(Your instructions) Set the pictures aside and set down only the lines from the line holding "男性向けラノベタイトル風あだ名 | 『みはらともあきの嫁は女の子じゃないと思った?』 |" through the end of the entries below, ends included.

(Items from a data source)
%%

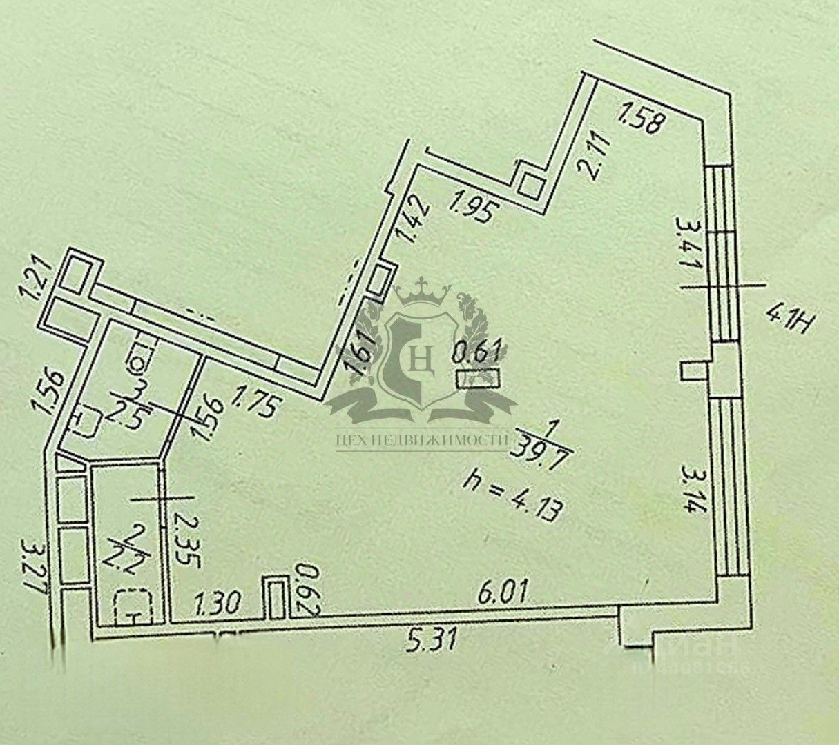 Высокие потолки 4 метра, мощность 11 кВт, отдельный вход с улицы, витринные окна, два вывода ХВС, два стояка канализации
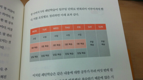 집에 와서 당일복습을 하고 그것을 모아 주말에 다시 복습을 하는 방법이지요.
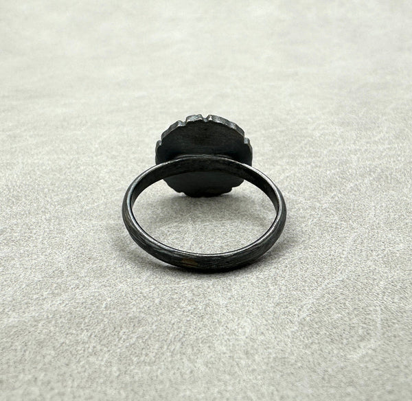 Ancient forest energy meets modern edge in the Small Redwood Ring. A textured “tree slice” of oxidized sterling silver forms the centerpiece, highlighted with warm 23K gold and a flush-set lab-grown diamond for a subtle flash of light. The organically...
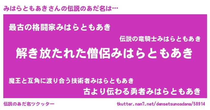 | 男性向けラノベタイトル風あだ名 | 『みはらともあきの嫁は女の子じゃないと思った?』 |
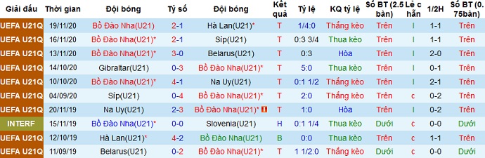 + Thống kê 10 trận gần nhất của Bồ Đào Nha U21
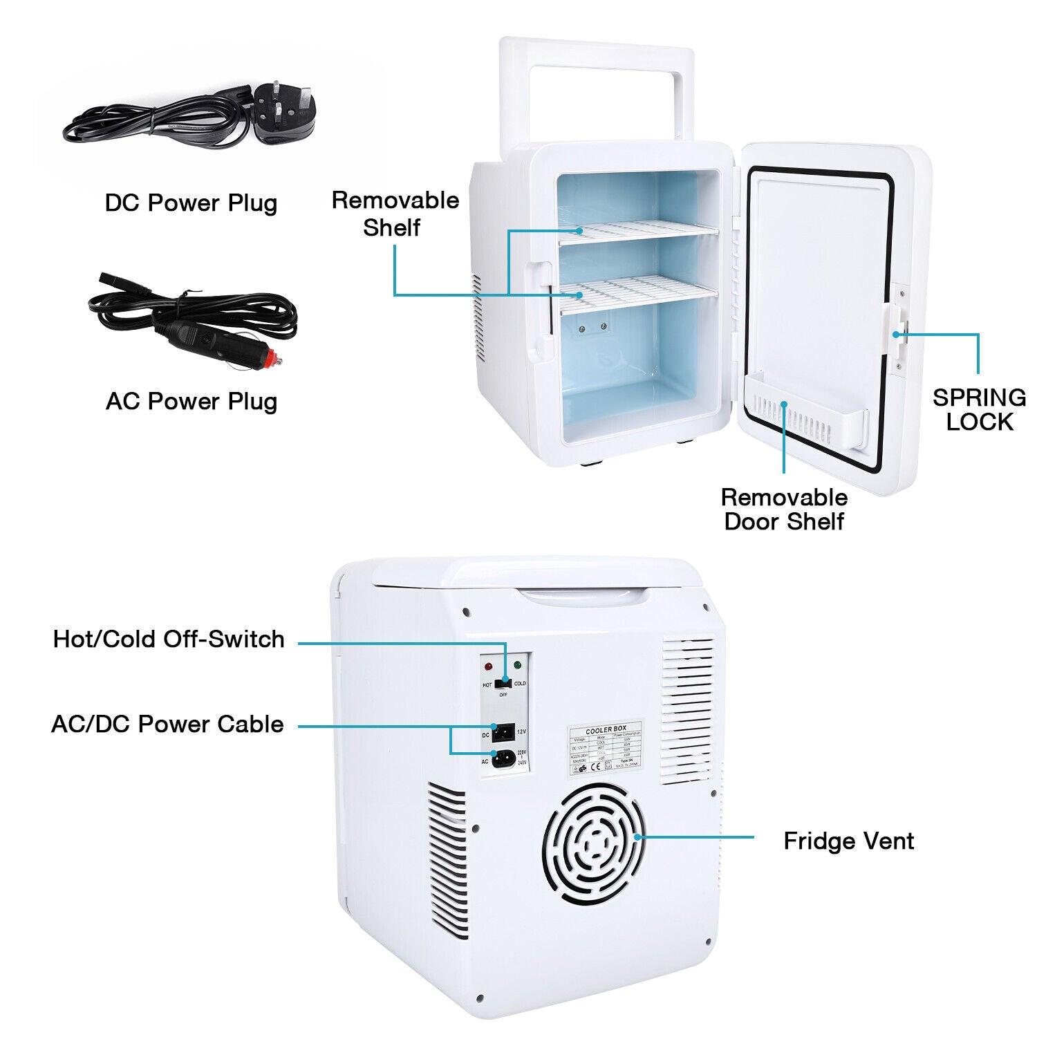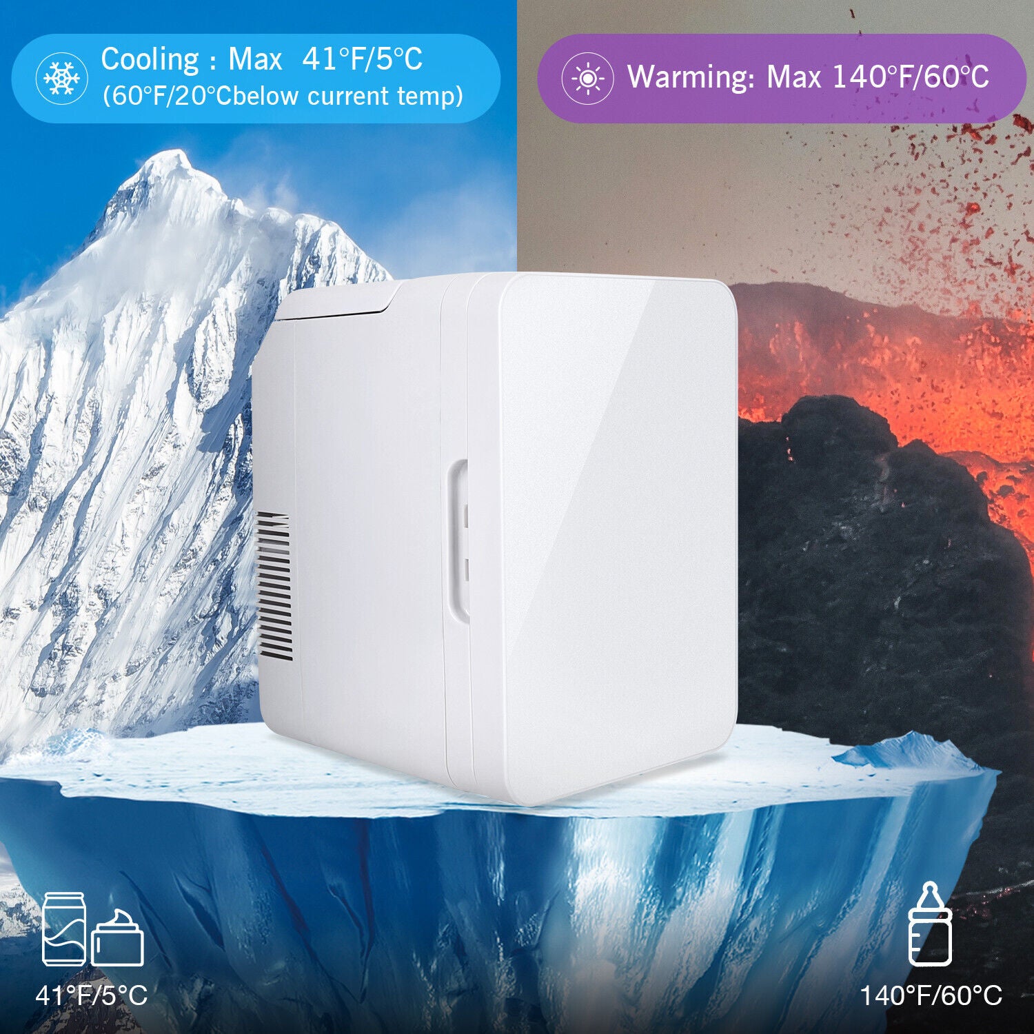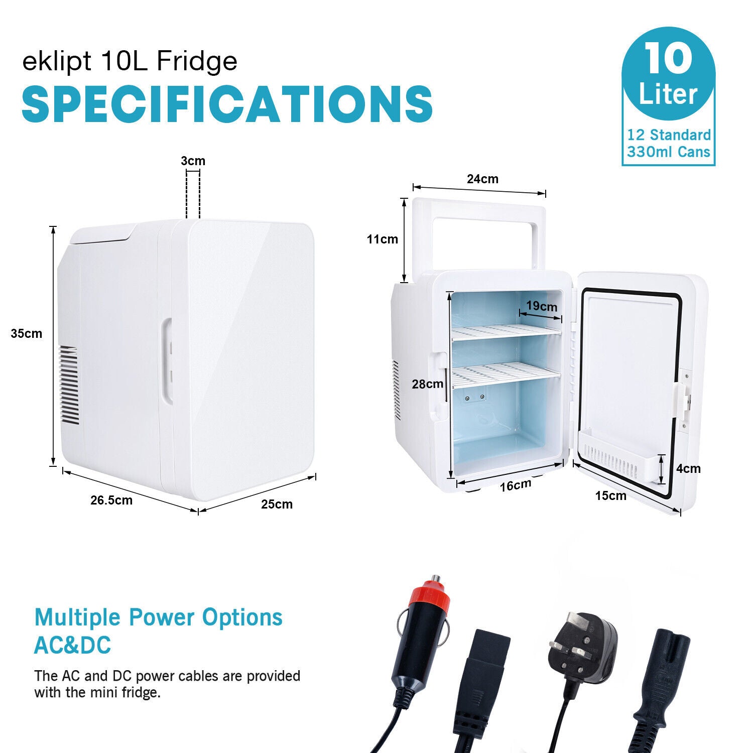 10L Portable Mini Fridge Table Top Electric Small Cooler White Ice Box Bedroom
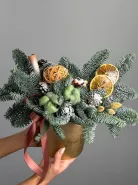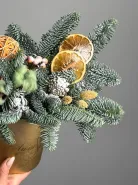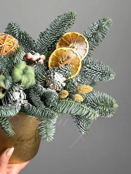 Композиция в кашпо с ветками пихты отлично подойдет для украшения новогоднего стола.

%%

(Worked solution)
 | 男性向けラノベタイトル風あだ名 | 『みはらともあきの嫁は女の子じゃないと思った?』 |
 + Thống kê 10 trận gần nhất của Bồ Đào Nha U21
 10L Portable Mini Fridge Table Top Electric Small Cooler White Ice Box Bedroom
 Композиция в кашпо с ветками пихты отлично подойдет для украшения новогоднего стола.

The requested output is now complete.